■ WHAT YOU NEED TO DO
Repeat all of the records word for word, but skip any picture.

■ RECORDED DATA
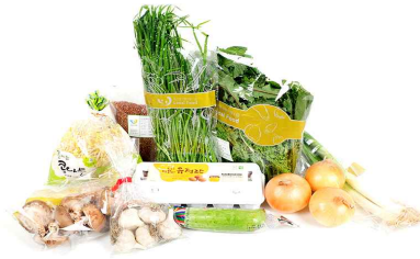
[그림 5-30] 완주군 건강한 밥상 시골꾸러미사업 사례
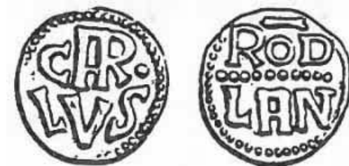
Pr. 3. Karlo Veliki (768. – 814.)
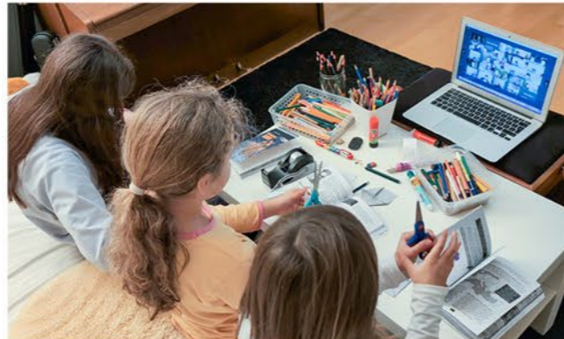
Kreative Gebetslesung über Paulus mit Schere und Buntstiften

Anfang und Ende der Reise erlebten wir sabbats gemeinsam in der zweiten Stunde des Gottesdienstes. Aber auch unter der Woche mussten die Kinder nicht alleine reisen. Wer konnte, traf sich virtuell via Zoom mit den anderen Kindern und wurde von einem Erwachsenen durch das jeweilige Kapitel geführt. In der Mitte der Woche trafen wir uns noch einmal live auf der Marienhöhe zu einem gemeinsamen Fackellauf. Rund 40 Kinder plus Eltern waren jeweils mit dabei.
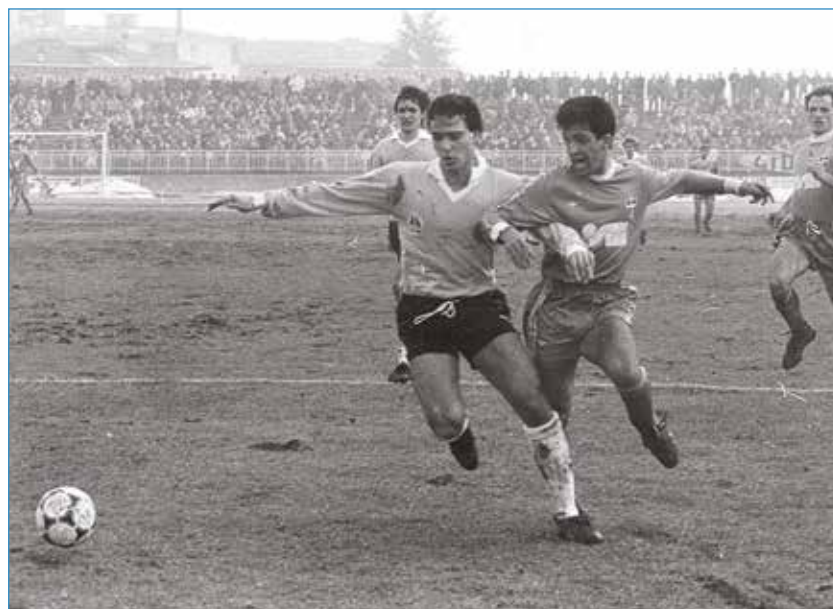
Febbraio 1987: il sopraffino Dolcetti in azione

La vittoria di Lucca ci ha dato respiro. Ed abbiamo bisogno proprio di 3 punti per blindare i play off.
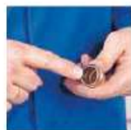
Проверить, находится ли уплотняющий элемент в соответствующем положении.
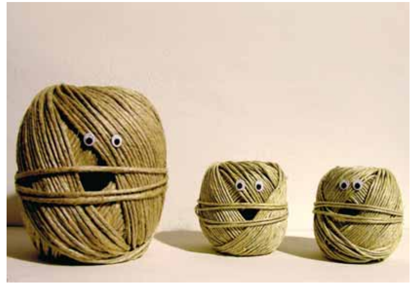
Gomitolini, 2006 PVC su corda e acrilico su legno edizione, misure variabili
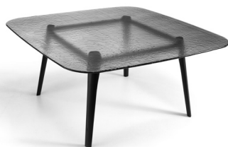
Table with 15 mm fused and tempered glass top, available in the transparent shades Smoke, Blue, Amber or Natural satin finish. Solid wood structure available in natural Oak or grey finish.

Tavolo con piano in vetro da 15 mm fuso a gran fuoco e temperato, disponibile nelle tinte trasparenti Fumo, Blu, Ambra o Naturale effetto satinato. Struttura in legno massello disponibile nelle finiture rovere naturale o tinto grigio.
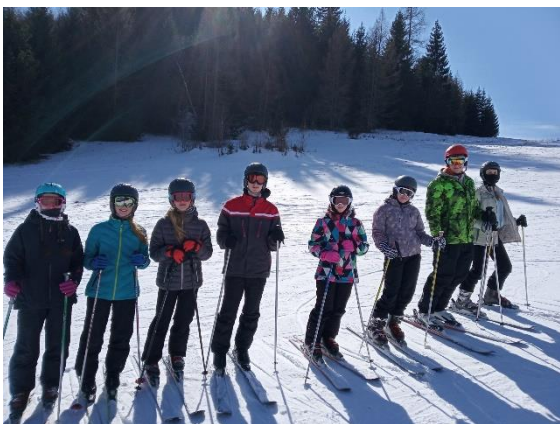
Žiaci 2. ročníka

Lyžovaniu zdar! Športu zdar! Aj takýmto spôsobom sa posilňuje vzťah našej mládeže k športu a k pohybu.

■ TASK ANSWER
[그림 5-30] 완주군 건강한 밥상 시골꾸러미사업 사례
Pr. 3. Karlo Veliki (768. – 814.)
Kreative Gebetslesung über Paulus mit Schere und Buntstiften

Anfang und Ende der Reise erlebten wir sabbats gemeinsam in der zweiten Stunde des Gottesdienstes. Aber auch unter der Woche mussten die Kinder nicht alleine reisen. Wer konnte, traf sich virtuell via Zoom mit den anderen Kindern und wurde von einem Erwachsenen durch das jeweilige Kapitel geführt. In der Mitte der Woche trafen wir uns noch einmal live auf der Marienhöhe zu einem gemeinsamen Fackellauf. Rund 40 Kinder plus Eltern waren jeweils mit dabei.
Febbraio 1987: il sopraffino Dolcetti in azione

La vittoria di Lucca ci ha dato respiro. Ed abbiamo bisogno proprio di 3 punti per blindare i play off.
Проверить, находится ли уплотняющий элемент в соответствующем положении.
Gomitolini, 2006 PVC su corda e acrilico su legno edizione, misure variabili
Table with 15 mm fused and tempered glass top, available in the transparent shades Smoke, Blue, Amber or Natural satin finish. Solid wood structure available in natural Oak or grey finish.

Tavolo con piano in vetro da 15 mm fuso a gran fuoco e temperato, disponibile nelle tinte trasparenti Fumo, Blu, Ambra o Naturale effetto satinato. Struttura in legno massello disponibile nelle finiture rovere naturale o tinto grigio.
Žiaci 2. ročníka

Lyžovaniu zdar! Športu zdar! Aj takýmto spôsobom sa posilňuje vzťah našej mládeže k športu a k pohybu.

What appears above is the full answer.